What regex flavor does stringr use?

stringr forwards every pattern to the stringi package, which uses the ICU regex engine. ICU is a Perl-compatible flavor and supports lookaheads, lookbehinds, named groups, Unicode property escapes (\\p{L}), and non-greedy quantifiers. Patterns that work on regex101.com with the PCRE flavor work in stringr with minimal changes; only a few obscure constructs differ.

Do I need to wrap patterns in regex() in stringr?

No. Plain strings passed as the pattern argument are already treated as regex. Wrap in regex() only when you need to set options like ignore_case = TRUE, multiline = TRUE, or dotall = TRUE. For literal text matching, wrap in fixed(). For locale-sensitive comparisons, wrap in coll().

How do I write a backslash in a stringr regex?

Double every backslash in a regular R string: "\\d" matches a digit, "\\s" matches whitespace, "\\." matches a literal dot. R parses the first backslash as an escape, leaving a single backslash for the regex engine. R 4.0+ also supports raw strings: r"(\d+)" is identical to "\\d+" and avoids the double-backslash for complex patterns.

Why does str_extract() only return the first match?

By design. str_extract() returns a single character vector, one match per input. For every match in each string, use str_extract_all(), which returns a list of character vectors (one per input). Add simplify = TRUE if every input has the same number of matches and you want a character matrix instead.

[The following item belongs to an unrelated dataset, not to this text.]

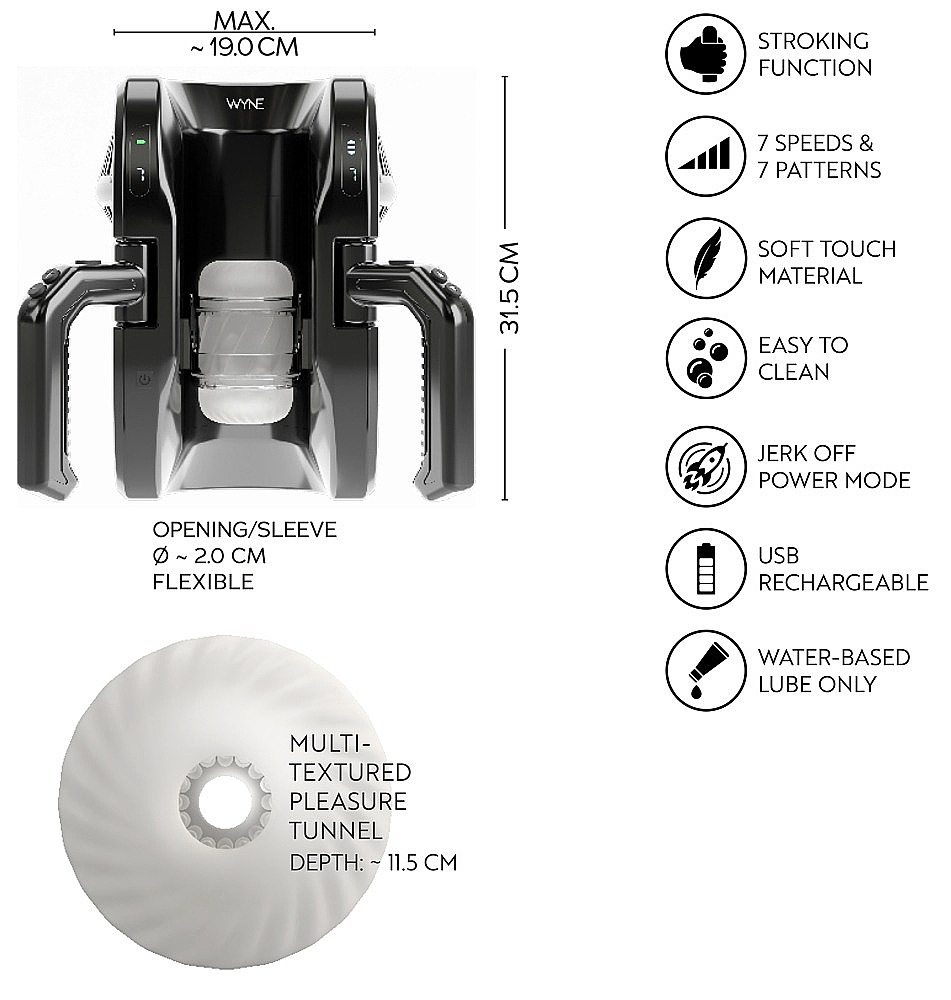 WYNE Masturbator 10 delivers fully automatic, intensely satisfying stimulation. The soft, stretchy sleeve with countless textures massages the penis along its length. Choose from 5 thrust lengths for quick, short strokes or long, deep dives. 7 movement modes keep every session fresh, while 7 speeds build tempo exactly as your body craves. Side handles give you secure grip and precise control—comfortable, fully automatic handjobs without tired hands. LED displays make settings crystal clear, so you can focus only on pleasure. The open-ended, removable sleeve is easy to clean and doubles as a manual stroker. And when it’s time to recharge, just plug in via USB. A robust build ready for intense rides whenever the mood strikes.

How do I do a case-insensitive regex in stringr?

Wrap the pattern in regex() with ignore_case = TRUE: str_detect(x, regex("^error", ignore_case = TRUE)). The (?i) inline flag also works inside any plain pattern: str_detect(x, "(?i)^error"). For literal needles, use fixed(x, ignore_case = TRUE) instead, which uses ASCII case folding.